On 3/25/26 8:51 AM, Ales Musil via dev wrote:
> On Tue, Mar 24, 2026 at 9:04 PM Ilya Maximets <[email protected]> wrote:
> 
>> On 3/24/26 6:32 PM, Mark Michelson wrote:
>>> Hi Ilya,
>>>
>>> First off, what a great change! I love seeing this sort of improvement!
>>>
>>> I had a look through the patches, and I couldn't find any technical
>>> faults with them. From that point of view:
>>>
>>> Acked-by: Mark Michelson <[email protected]>
>>
>> Thanks!
>>
>>>
>>> When it comes to backporting the change to 26.03, I'm a bit hesitant.
>>> My instinct is to say that we should absolutely backport it since it
>>> is a tremendous performance improvement. I also share your view that
>>> people that follow the LTS would miss out on this for two years. We
>>> only just released 26.03.0 less than a week ago. This may also help
>>> with deployments that see unreasonably large polling intervals in
>>> ovn-controller, since this presumably would be a way to trim that
>>> down.
>>>
>>> However, when I think of times we have made exceptions in the past for
>>> performance improvement or new feature backports, this patch series is
>>> missing some of the typical elements we would normally see.

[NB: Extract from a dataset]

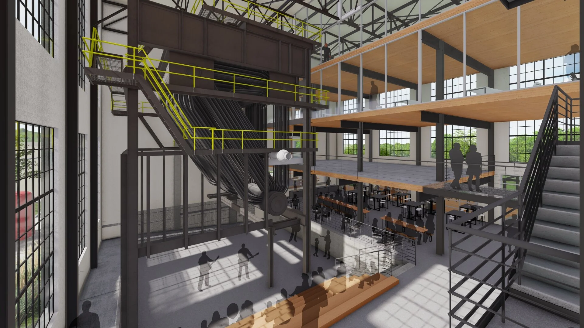 REHABILITATE EXISTING ENVELOPE, EXPOSE BOILER AND GENERATOR, STEEL AND CROSS-LAMINATED TIMBER CONSTRUCTION

>>> 1. I mentioned that this could be helpful with unreasonably long
>>> polling intervals. However, I don't know that we actually have data to
>>> show that handling of conjunctive flows is a common cause of this
>>> problem amongst large deployments. Typically, if we are going to
>>> backport a performance patch, we need to have some evidence that
>>> without the performance improvement, reasonably-sized deployments have
>>> difficulty functioning. I don't know that we have that for this patch
>>> series.
>>
>> I'm aware of at least a few real world deployments that would have much
>> easier time with these changes.  But I also agree that those setups are
>> a little unreasonable in the way the ACLs are configured.  At the same
>> time, it is often not particularly easy to persuade users to do things
>> differently. :)
>>
>>> 2. It affects the critical path for ovn-controller's functionality,
>>> rather than affecting something supplemental or optional.
>>> 3. There is no way to opt in or out of this change.
>>> 4. The change adds no new tests. In the context of adding this to
>>> "main" this is fine, since we rely on existing tests to cover the
>>> changes. We have a long testing period where we can plug gaps in
>>> coverage in case this change ends up causing an issue. With a
>>> backport, we don't have the same luxury.
>>
>> This set does technically enable extra testing, since the masking of
>> conjunction ids is removed for the I-P vs recompute comparison.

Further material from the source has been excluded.